One means of achieving balance across the charka system is to take an inventory of what centers are out of balance. See to it that as you work on balancing each of those centers that you even out the balancing across the heart center. If weeek 1 you work on your 1st Chakra, and your 7th Chakra is out of balance as well, then try working on your 7th Chakra the next week. As you work with these energy centers you will find that the blockages move as your life moves. I speak only from my own personal experience in working with these centers over the past couple of years, (in this life time.)

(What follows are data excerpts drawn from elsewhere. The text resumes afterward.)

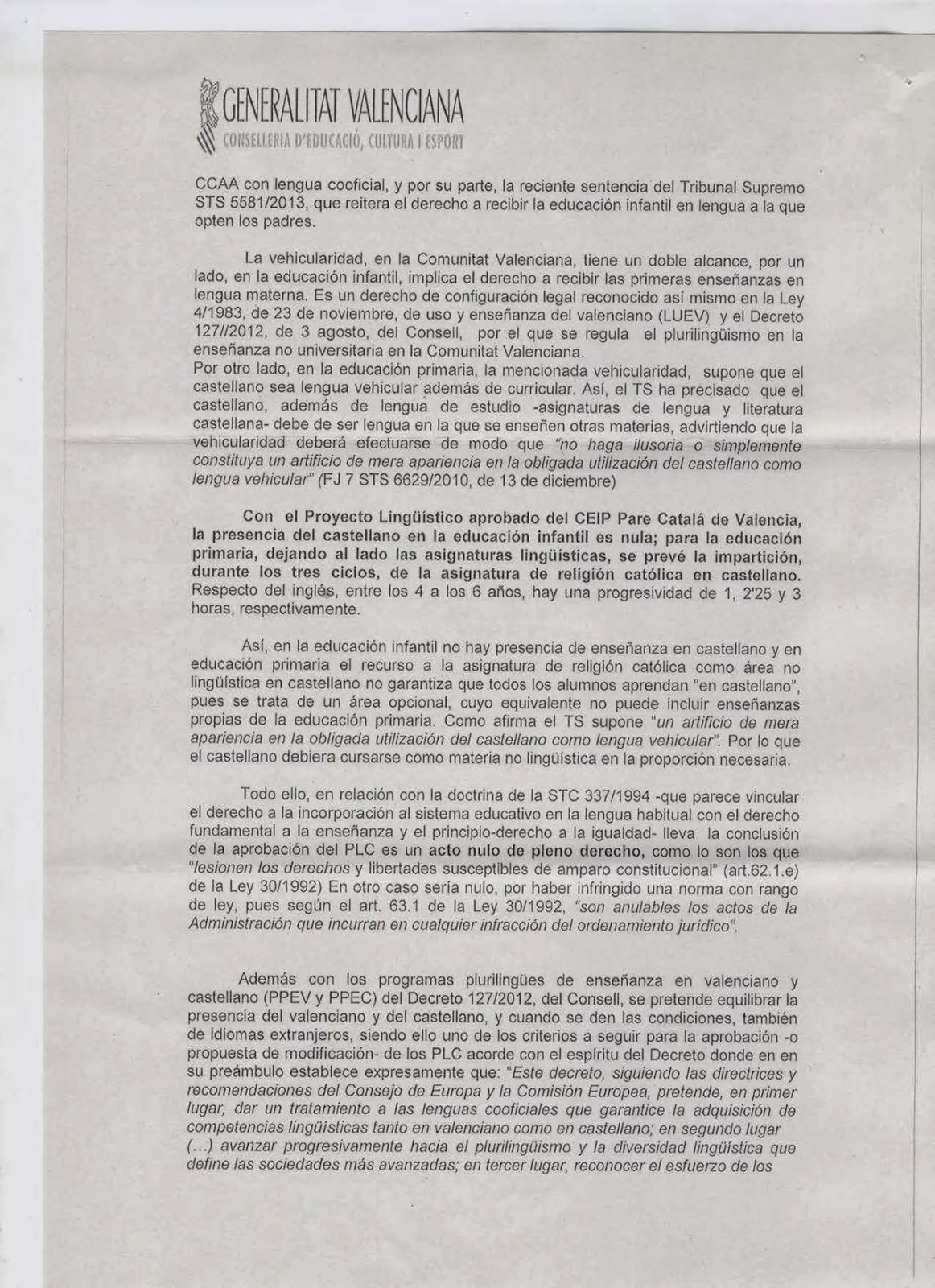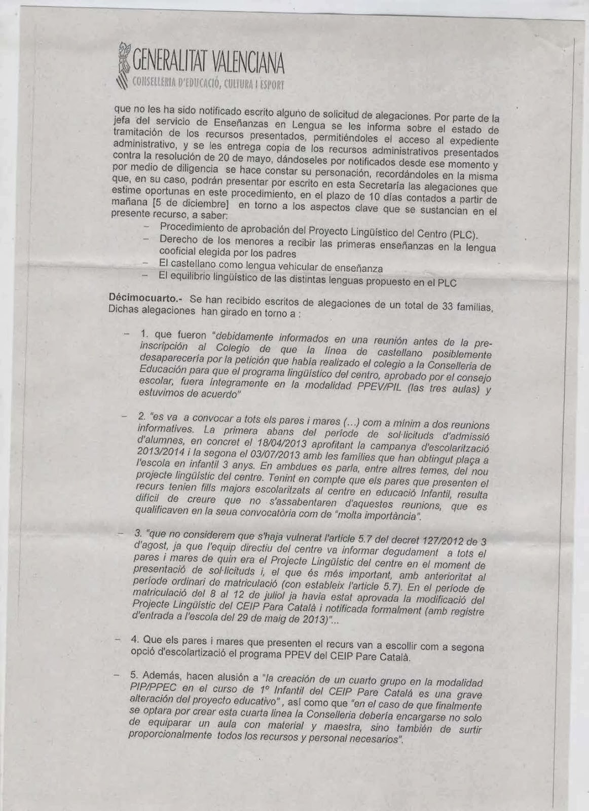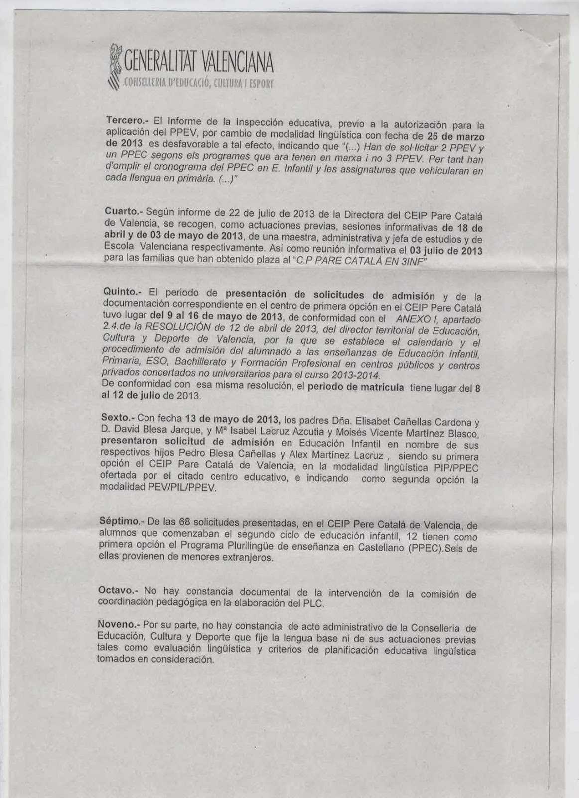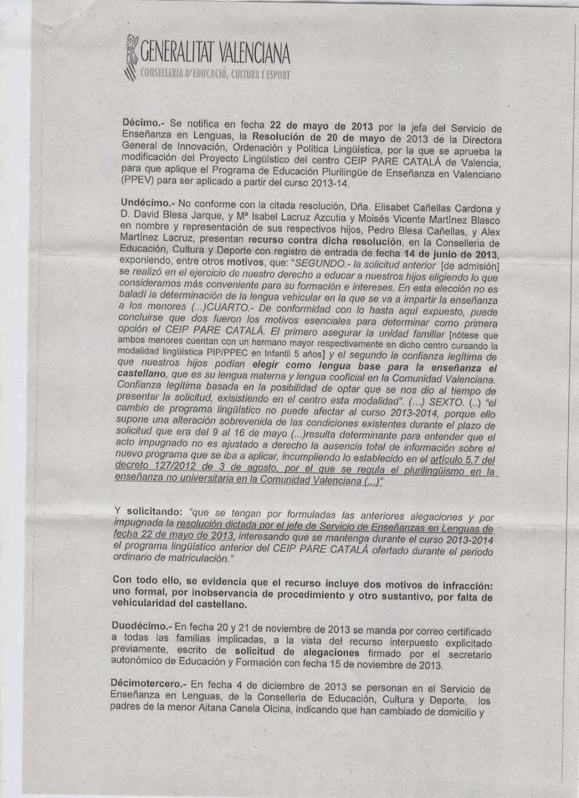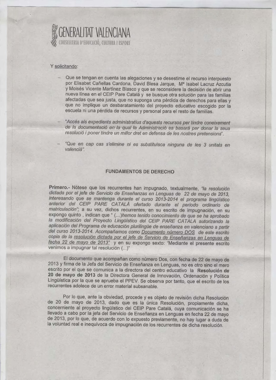 1.- Que el grup A d’Infantil 3 anys, que ha començat el curs aplicant el programa lingüístic esmentat, haja de canviar ara a un programa en castellà. Aquest fet atempta contra la voluntat majoritària de les famílies del grup que van matricular els seus fills i filles en valencià i volen que siga aquest projecte lingüístic el que es continue desenvolupant en el seu grup.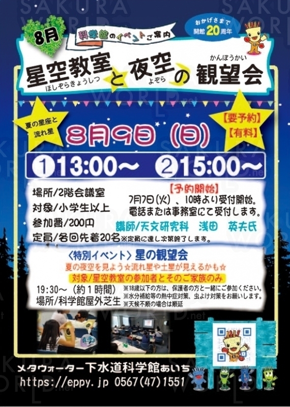 そして教室参加者とその家族を対象とした「星の観望会」(19:30~)を開催。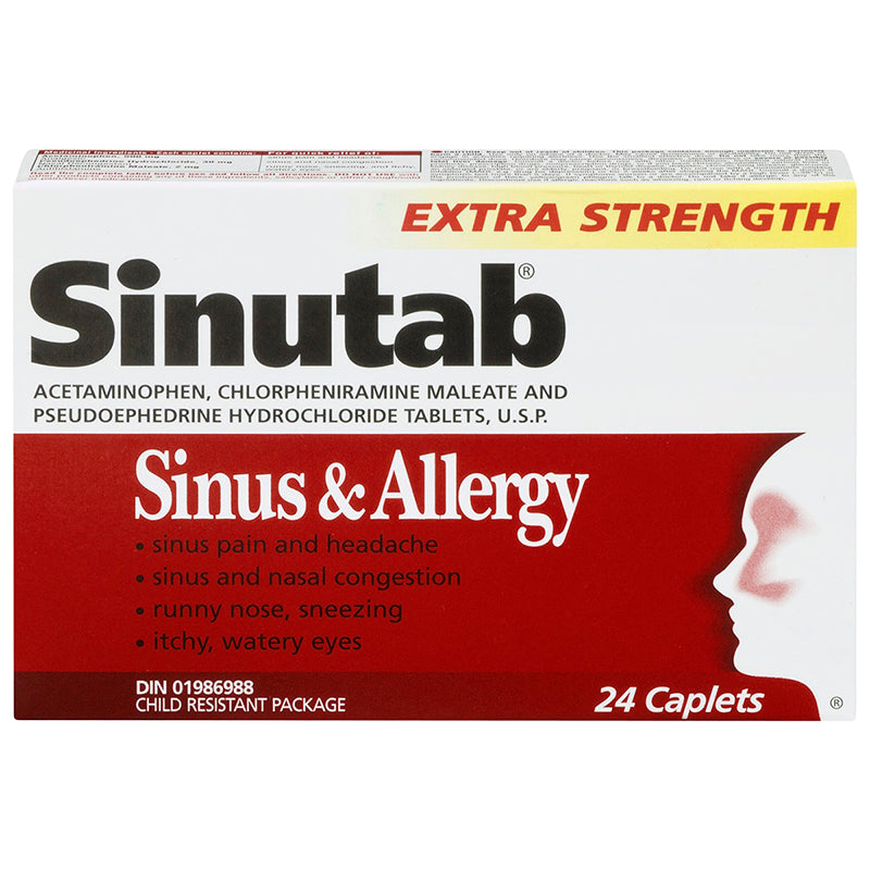Sinutab: Sinus & Allergy Extra Strength. Sinutab Sinus & Allergy Extra Strength temporarily relieves nasty symptoms related with sinus infections and allergic reactions. Symptom Relief: Sinus pain and headache Sinus and nasal congestion Runny nose, sneezing Itchy, watery eyes Dosage: Adult use only (12 years and older): 1-2 caplets every 4-6 hours. Do not exceed 8 caplets per day. Medicinal Ingredients (per caplet): Acetaminophen (analgesic) ... 500 mg Pseudoephedrine hydrochloride (nasal decongestant) ... 30 mg Chlorpheniramine Maleate (antihistamine) ... 2 mg Non-medicinal Ingredients: cellulose, croscarmellose sodium, FD&C Yellow No. 10, FD&C Yellow No. 6, hypromellose, polyethylene glycol, polysorbate starch, titanium dioxide, wax, zinc stearate.
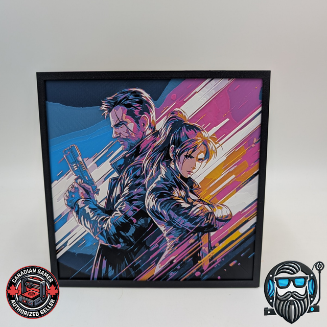 Transformez votre espace avec cette impression 3D Hueforge au style cinématographique et dynamique, mettant en scène un duo charismatique au regard intense. Les contrastes de couleurs et les lignes graphiques apportent une forte identité visuelle, idéale pour une décoration geek moderne et affirmée.

When a person is blocked in the Heart Center it may manifest as a lack of abilty to give freely, or a lack of resources. The Heart Center tends to be an area that humanity requires the most healing in, who hasn’t been hurt by a loving relationship in the past. An ironic twist is that the Heart Center is also the primary center from which healing flows.

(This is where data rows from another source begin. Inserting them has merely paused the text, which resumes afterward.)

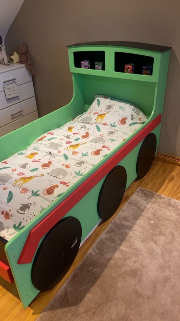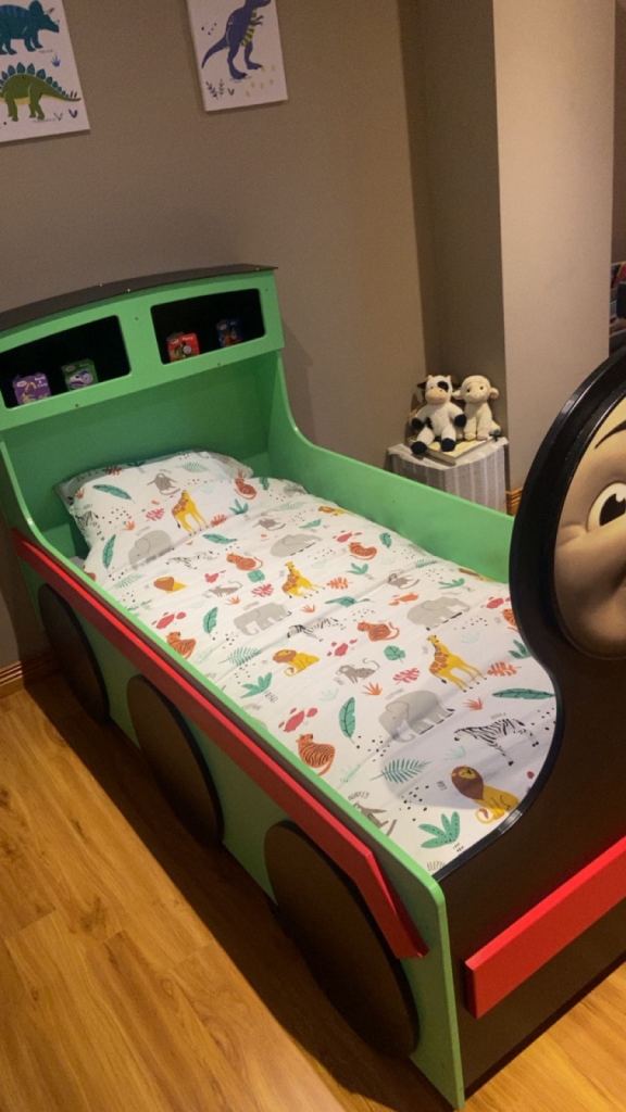 Posting for 7+ yearsPercy the Tank Engine Bed with Practically New Mattress – £100
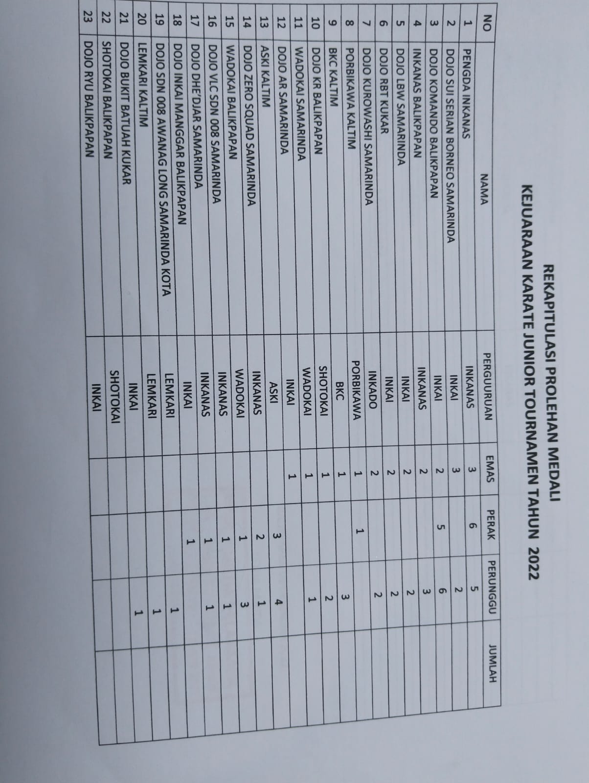KaltimKita.com, BALIKPAPAN - Inkanas Kaltim sukses meraih juara umum dalam Kejuaraan Daerah (Kejurda) Junior Karate di Balikpapan. Total 3 emas, 6 perak dan 5 perunggu berhasil diraih yang berlangsung di Atrium Plaza Balikpapan, Sabtu (10/12/2022).
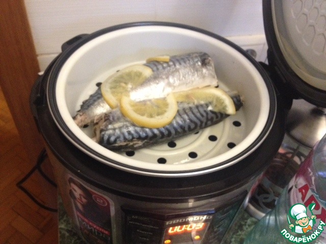 Выложить все в мультиварку на решетку для пара, воды наливаем примерно по отметку 4, если одна закладка рыбы, и по 6, если две закладки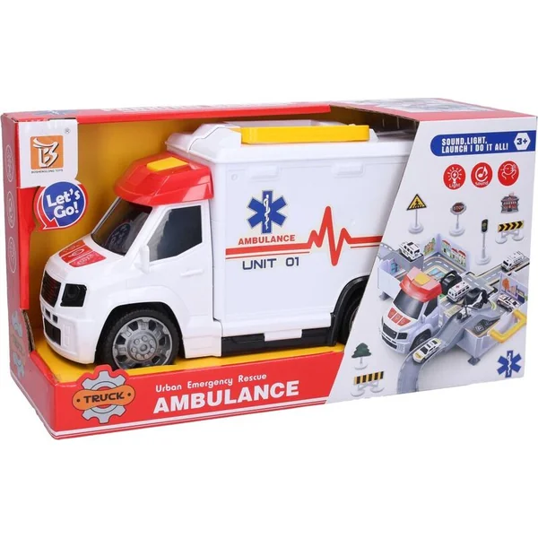 L’ambulance peut être dépliée en garage dans le complexe hospitalier, avec des petites voitures et des panneaux. Roues libres. Grand bouton sur le toit – déverrouillage de l’ambulance.

The color of the fourth chakra, is green. Green the color of abundance and good fortune. Pink is another potential color for this center, which represents a balancing of the White Light from above with the Red of the 1st Chakra.

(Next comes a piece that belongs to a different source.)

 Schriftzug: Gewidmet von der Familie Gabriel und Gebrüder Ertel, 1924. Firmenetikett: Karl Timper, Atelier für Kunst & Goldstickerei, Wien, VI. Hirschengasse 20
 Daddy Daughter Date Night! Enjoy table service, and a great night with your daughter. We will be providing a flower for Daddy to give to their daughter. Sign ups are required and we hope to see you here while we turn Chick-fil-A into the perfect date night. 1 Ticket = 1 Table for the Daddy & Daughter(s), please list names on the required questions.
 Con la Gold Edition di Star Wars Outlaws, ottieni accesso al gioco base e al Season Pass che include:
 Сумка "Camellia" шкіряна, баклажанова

Benefits of a Balanced Fourth Chakra
Love
Ability to give freely to others
Abundance
Healing for ones self and others
Integration of the higher and lower energy centers
Meditation from the Heart Center is an excellent means of polling our higher selves for what is right. If you hear your heart speak it to you then follow it. I have been working on allowing my heart to guide me for sometime, which is challenging considering my head likes to think it controls things The path may not be the one most easily taken, but listening to and operating from the heart center will help you to achieve your purpose.
The Heart Center represents Love. What a fantastic quailty to work on balancing
Thyroid Disease
It has come to my attention that a good number of individuals suffer from Thyroid Disease, of some sort or another, and it appears as though women are more likely to have difficulties than men. Weather it is an underactive thyroid, or an overactive thyroid the imbalance in the endocrine system is simply devistating to ones health. This ailment faces my mother and one of my co-workers as well, so it really hits home for me.
As I work through my studies of Kundalini Yoga I am researching the human endocrine system, and outlining some thoughts for chakra-neuroendocrinology, (a science that the yogis have understood for some time, but requires additional Western study.)
My study now takes me to the Thyroid. I seek to gain an understanding of its function and make the case for Kundalini Yoga as a Preventative Maintenance program to keep thyroid disease and disorders away. (Yoga is a maintenance program for the body, mental, emotional and spiritual, as well, but let’s stay focused on this aspect for the time.)
In my previous post on chakra-neuroendocrinology I referenced a resource book that is helping me understand the system. My high level overviews of the tyroid, based on the book, and other insights are as follows:
The thyroid is related to the 5th chakra, or center of communication located around the throat. It is good to keep in mind that the element associated with the 5th chakra is ether. Technically speaking all of our chakras are rooted on the subtle plane of the ethers and bridge the vital gap into physical manifestation. But the 5th chakra is of much interest to etheric relations. It makes one ponder upon the etheric implications of under active and over active 5th chakras.
The human thyroid is the gland that is very closely associated with metabolism. “A primary role of the thyroid is to increase energy expenditure and thermo-genesis.”
That being said the pituitary gland, (or Master Gland,) is responsible for stimulating the thyroid hormone secretion. An imbalance in the thyroid or pituitary gland can lead to challenges in the system.
Hypothyroidism- Underactive thyroid
This implies an individual has thyroid hormone levels that are too low for proper flow in the endocrine system. A common cause of this is the presence of antithyroid antibodies. A common symptom of this is sluggishness, (yoga helps make the body move.)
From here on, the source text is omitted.